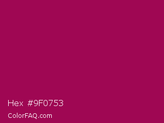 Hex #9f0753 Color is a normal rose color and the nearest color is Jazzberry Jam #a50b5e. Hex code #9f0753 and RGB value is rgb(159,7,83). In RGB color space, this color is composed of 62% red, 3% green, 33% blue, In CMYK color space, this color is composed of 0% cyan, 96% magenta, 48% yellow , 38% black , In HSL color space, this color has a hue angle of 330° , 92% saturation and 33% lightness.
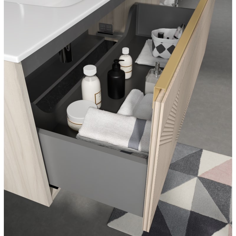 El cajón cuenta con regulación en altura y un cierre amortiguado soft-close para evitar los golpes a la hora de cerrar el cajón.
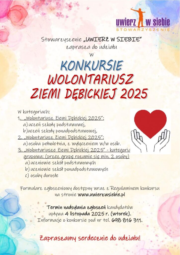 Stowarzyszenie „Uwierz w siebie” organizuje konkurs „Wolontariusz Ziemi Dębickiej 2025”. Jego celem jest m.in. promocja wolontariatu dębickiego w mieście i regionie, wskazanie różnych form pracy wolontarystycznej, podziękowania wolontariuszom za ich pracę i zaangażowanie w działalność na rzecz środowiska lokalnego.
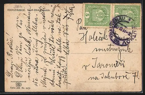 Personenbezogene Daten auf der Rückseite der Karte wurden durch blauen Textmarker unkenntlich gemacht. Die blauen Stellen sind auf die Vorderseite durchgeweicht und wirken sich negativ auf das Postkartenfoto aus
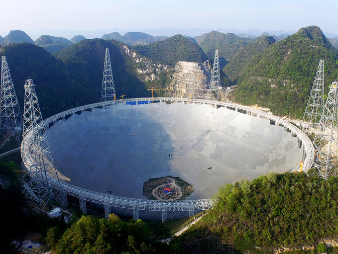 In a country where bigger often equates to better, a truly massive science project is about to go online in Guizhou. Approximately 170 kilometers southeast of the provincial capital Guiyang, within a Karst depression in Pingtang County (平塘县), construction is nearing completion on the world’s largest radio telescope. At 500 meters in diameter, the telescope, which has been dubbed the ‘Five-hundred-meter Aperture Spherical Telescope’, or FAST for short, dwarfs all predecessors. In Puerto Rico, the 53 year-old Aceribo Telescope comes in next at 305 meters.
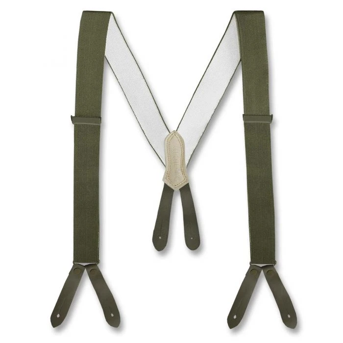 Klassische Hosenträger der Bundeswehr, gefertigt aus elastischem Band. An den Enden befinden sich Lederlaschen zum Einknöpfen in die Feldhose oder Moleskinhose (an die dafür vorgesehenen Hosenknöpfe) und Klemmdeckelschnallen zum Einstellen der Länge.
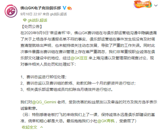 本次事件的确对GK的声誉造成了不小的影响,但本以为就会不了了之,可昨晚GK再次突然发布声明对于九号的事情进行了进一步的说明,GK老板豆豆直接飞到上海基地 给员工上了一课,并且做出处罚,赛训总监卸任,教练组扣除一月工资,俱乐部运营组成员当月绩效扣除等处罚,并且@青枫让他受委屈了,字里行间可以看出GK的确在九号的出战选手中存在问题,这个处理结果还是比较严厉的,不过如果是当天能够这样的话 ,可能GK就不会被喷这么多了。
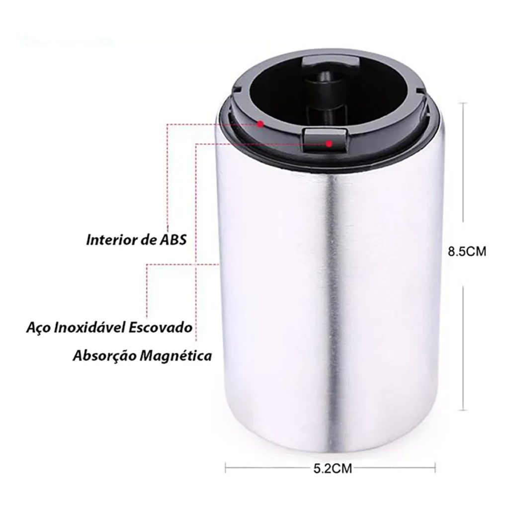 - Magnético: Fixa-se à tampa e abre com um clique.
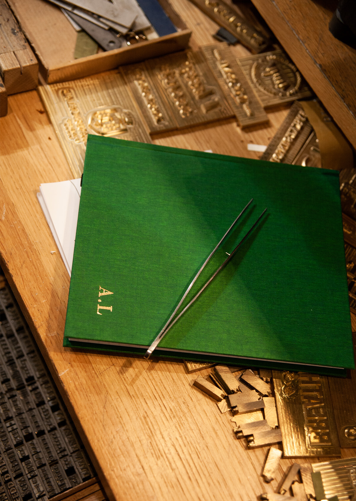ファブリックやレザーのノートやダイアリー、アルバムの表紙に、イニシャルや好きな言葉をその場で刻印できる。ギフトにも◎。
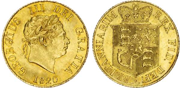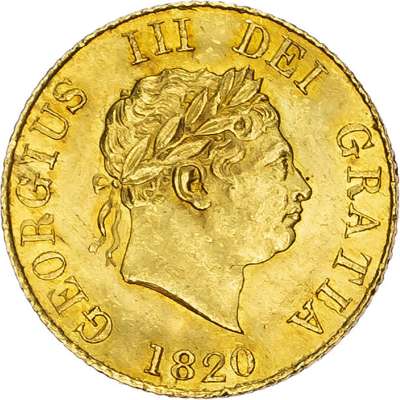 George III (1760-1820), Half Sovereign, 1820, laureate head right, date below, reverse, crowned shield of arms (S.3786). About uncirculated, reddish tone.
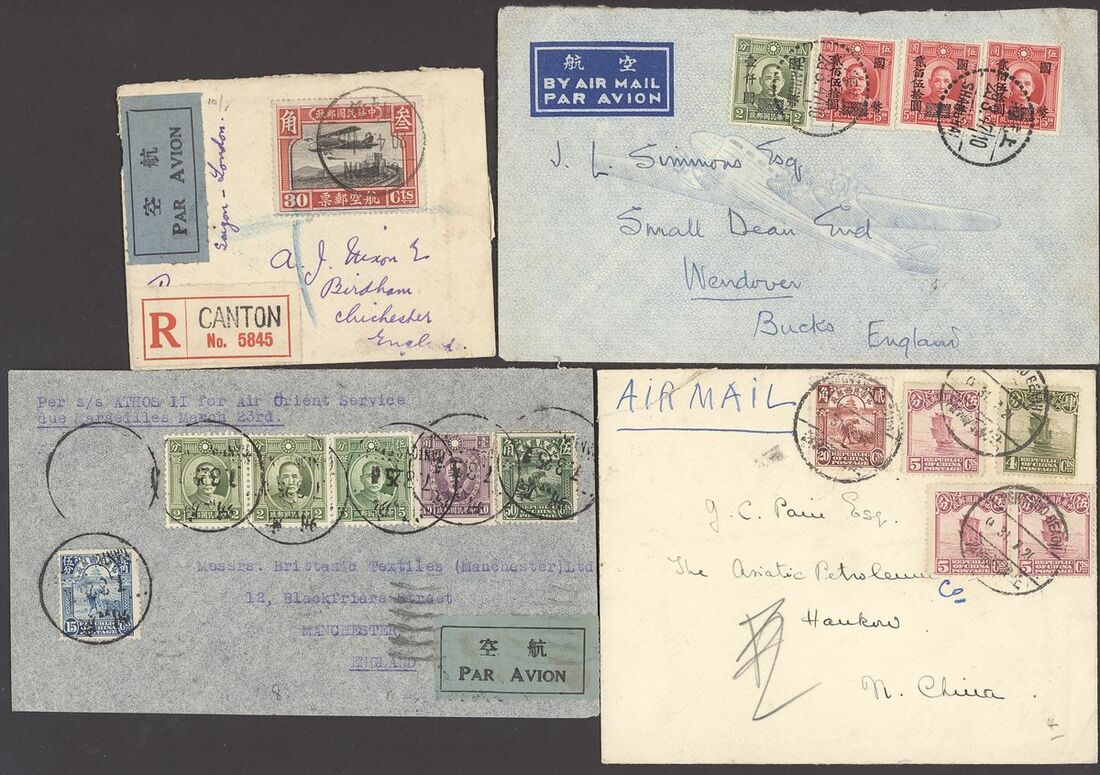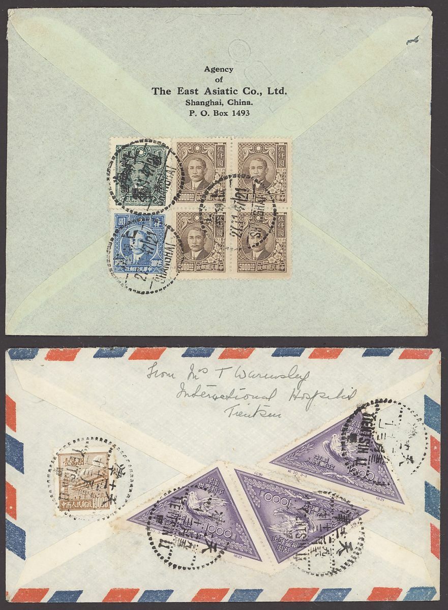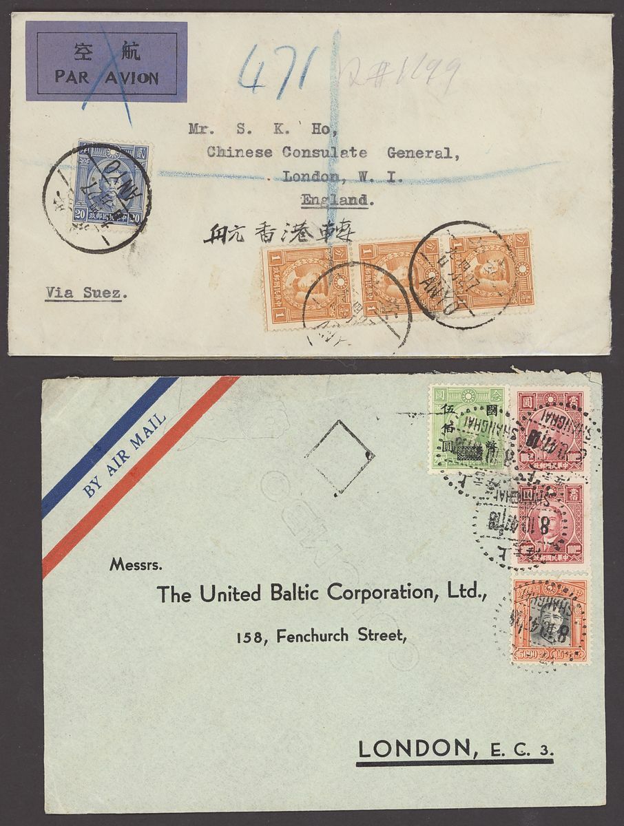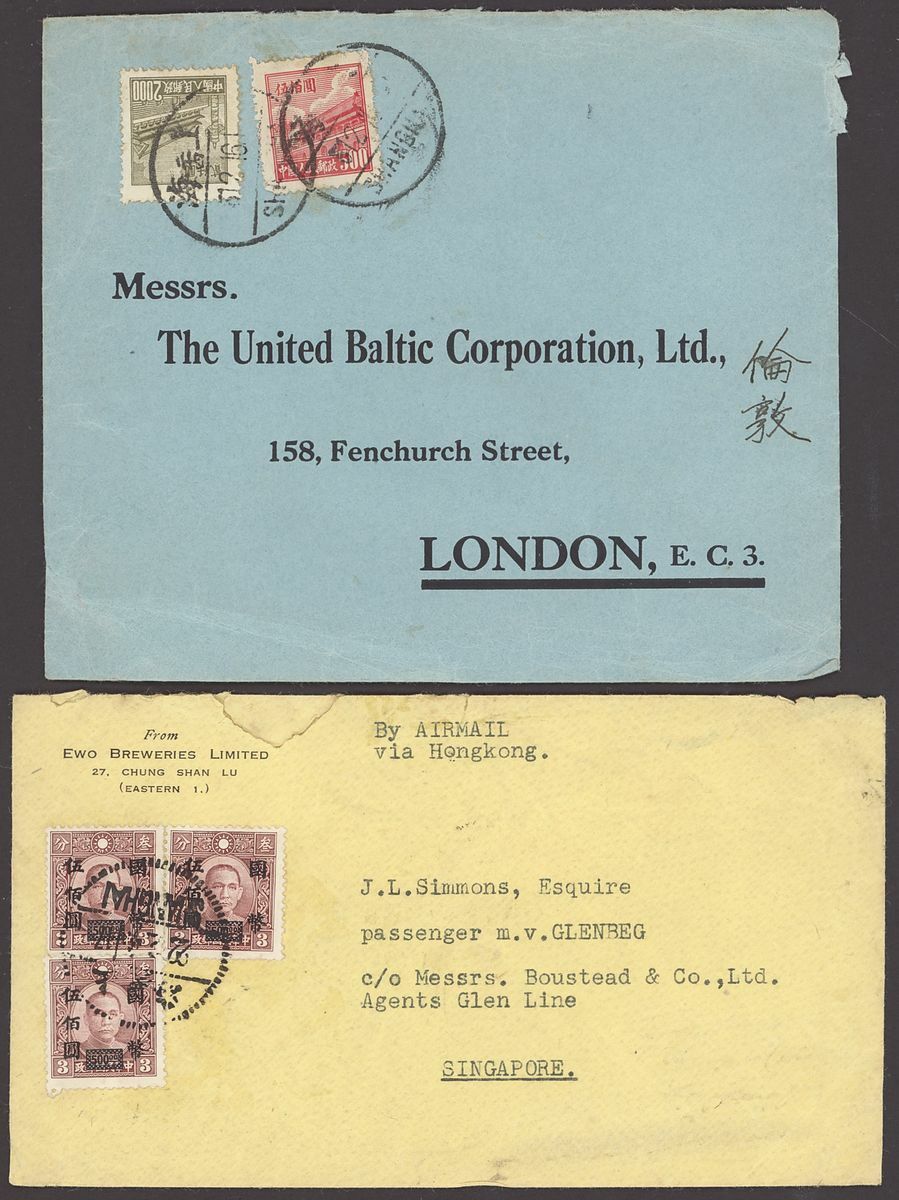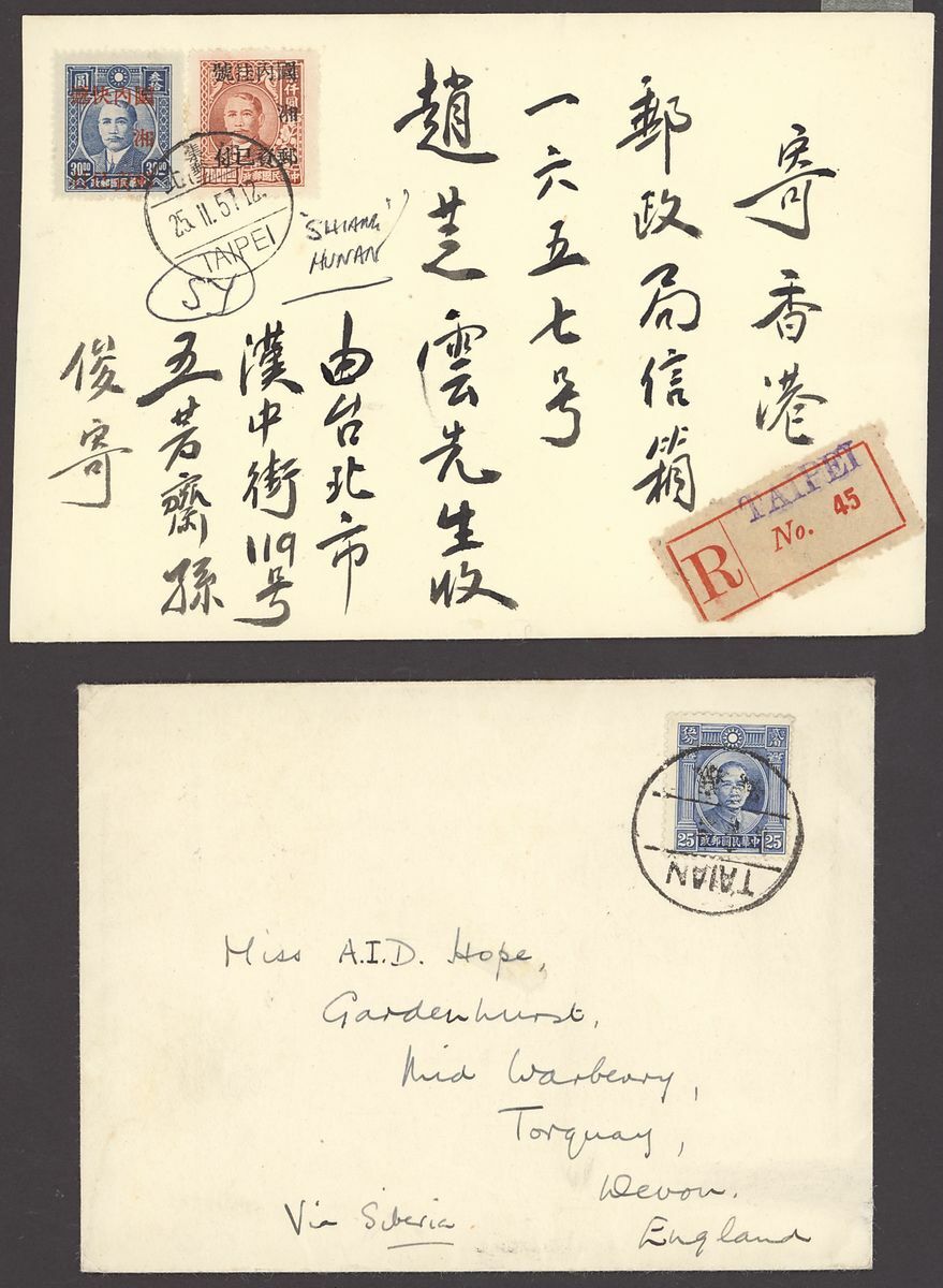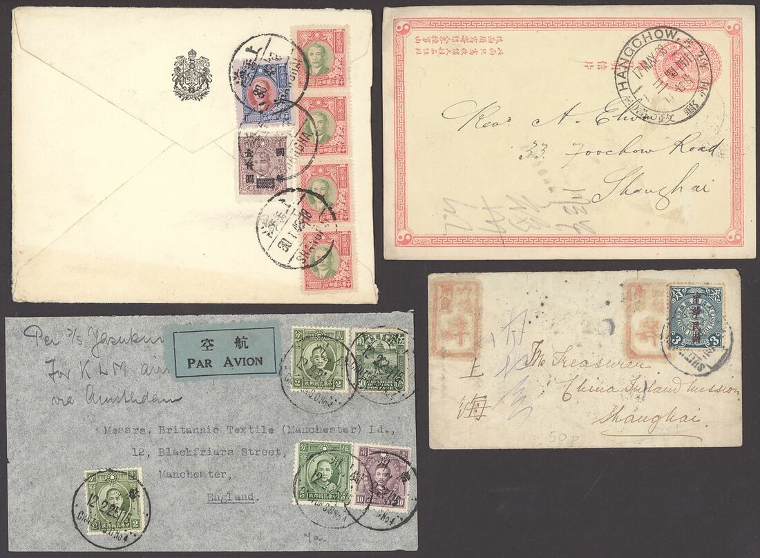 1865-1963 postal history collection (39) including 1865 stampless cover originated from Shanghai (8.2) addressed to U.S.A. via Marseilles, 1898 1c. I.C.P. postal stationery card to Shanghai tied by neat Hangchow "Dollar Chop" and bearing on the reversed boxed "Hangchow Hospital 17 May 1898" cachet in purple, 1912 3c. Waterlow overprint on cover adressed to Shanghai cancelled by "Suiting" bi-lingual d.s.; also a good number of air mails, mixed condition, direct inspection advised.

* * * *

Copy nothing but the lines from the top of the material through the line holding "Personenbezogene Daten auf", exactly as written; omit pictures.

 Hex #9f0753 Color is a normal rose color and the nearest color is Jazzberry Jam #a50b5e. Hex code #9f0753 and RGB value is rgb(159,7,83). In RGB color space, this color is composed of 62% red, 3% green, 33% blue, In CMYK color space, this color is composed of 0% cyan, 96% magenta, 48% yellow , 38% black , In HSL color space, this color has a hue angle of 330° , 92% saturation and 33% lightness.
 El cajón cuenta con regulación en altura y un cierre amortiguado soft-close para evitar los golpes a la hora de cerrar el cajón.
 Stowarzyszenie „Uwierz w siebie” organizuje konkurs „Wolontariusz Ziemi Dębickiej 2025”. Jego celem jest m.in. promocja wolontariatu dębickiego w mieście i regionie, wskazanie różnych form pracy wolontarystycznej, podziękowania wolontariuszom za ich pracę i zaangażowanie w działalność na rzecz środowiska lokalnego.
 Personenbezogene Daten auf der Rückseite der Karte wurden durch blauen Textmarker unkenntlich gemacht. Die blauen Stellen sind auf die Vorderseite durchgeweicht und wirken sich negativ auf das Postkartenfoto aus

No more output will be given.